Nine of the 10 work group members signed off on those recommendations.
Don van der Vaart, who questions mainstream climate science and is the former secretary of the North Carolina Department of Environmental Quality, argued in a dissenting statement that the Clean Water Act does not regulate waters "based on the likelihood of their contributing pollution to actual navigable waters."
He also echoed EPA talking points, saying the question of Clean Water Act jurisdiction "is not a scientific inquiry, but a legal one."
But the rest of the working group was so concerned about excluding ephemeral streams, they asked whether EPA had considered regionalizing its proposal to account for the fact that the majority of waterways in the arid Southwest flow only after rainfall.
"Given the differing roles that ephemeral streams play in influencing the chemical, physical and biological integrity of the Nation’s waters, why not consider a regional approach to regulation of ephemeral streams?" the work group asked.
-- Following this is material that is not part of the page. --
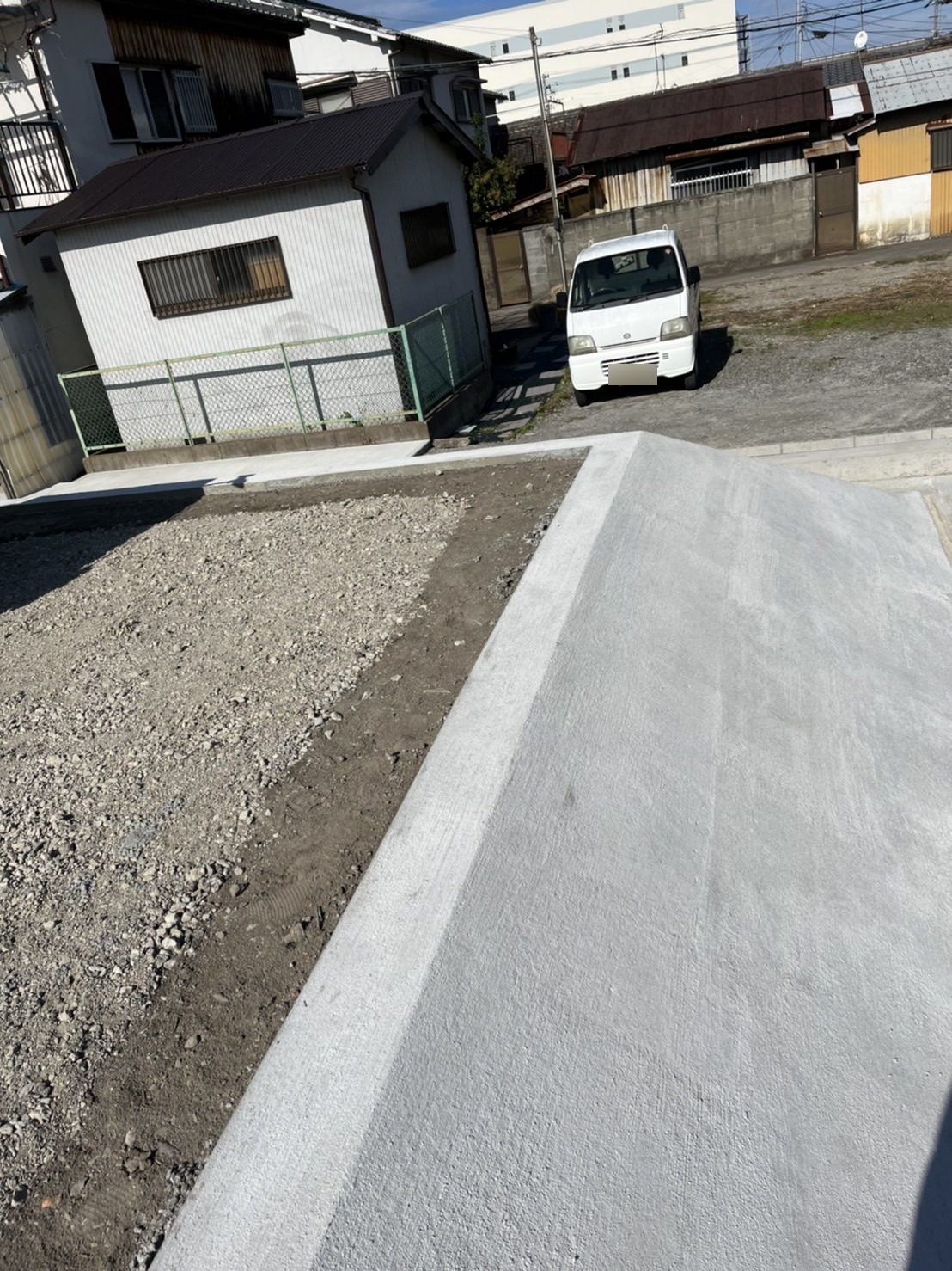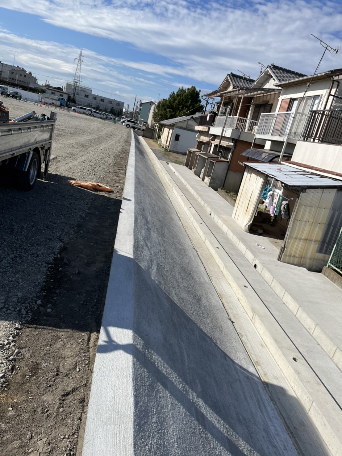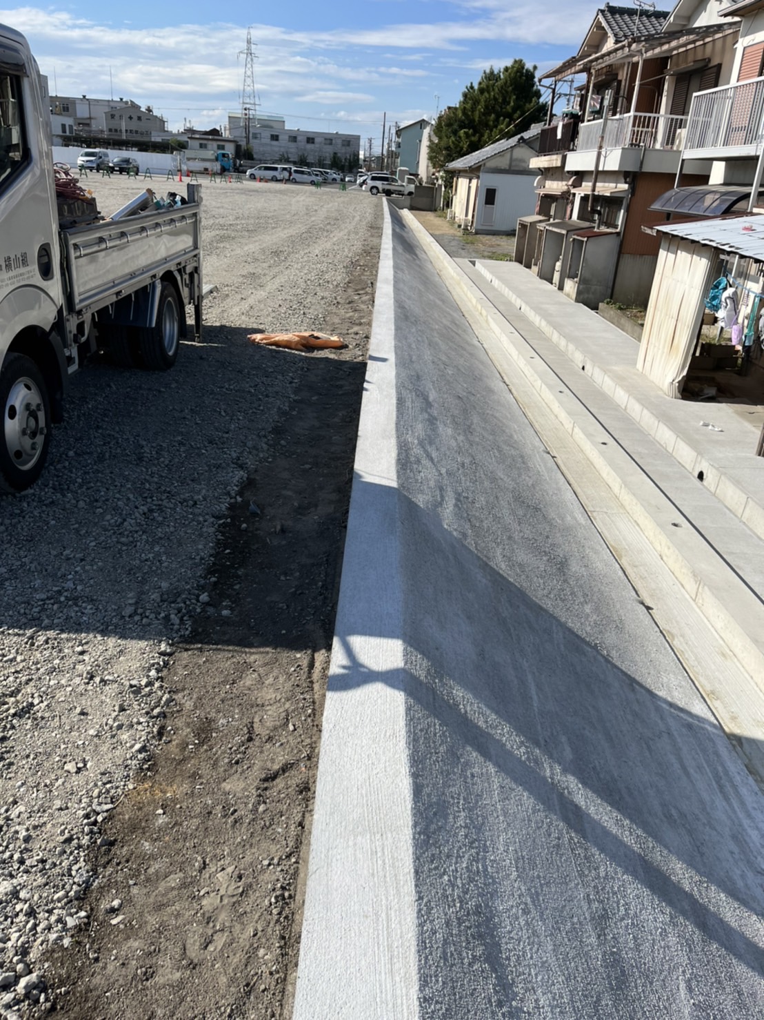 今回は、駐車場造成地における法面(斜面)コンクリートの刷毛引き仕上げを行ないました。

Forsgren and McDonough did not directly answer the question, instead describing the technical difficulties of basing Clean Water Act protections on specific flow requirements, such as only protecting streams that flowed at least 185 days per year.
But the pair did note "the importance of a typical year" — the methodology the Trump administration proposes to use to determine whether waterways and wetlands are covered by the Clean Water Act.
The proposal would determine whether waterways and wetlands are covered by the Clean Water Act by looking at what their surface water connections to larger waterways look like in a "typical year."
That means EPA and the Army Corps would look at a rolling 30-year average of precipitation for an area to determine whether a stream flows independent of rainfall, for example. But the proposal specifically says a typical year "would not include times of drought or extreme flooding" and would look only at rainfall from the previous three months that falls within the 30th or 70th percentiles of the 30-year average.
Forsgren and McDonough "indicated the concept allowed for regionalization" to the working group.
But scientists and environmental groups that oppose the WOTUS rule say the "typical year" concept would ignore climate change and the regional variabilities it could exacerbate by eliminating the wettest and driest precipitation data.
The Natural Resources Defense Council accused the agencies of ignoring the effects of climate change, writing in comments that "what has been typical in the past will not reflect what the future holds."
And a coalition of scientific groups, including the Society of Wetlands Scientists, said the proposal "ignores the periodic and substantial connectivity that occurs during increasingly frequent atypical years resulting from climate change."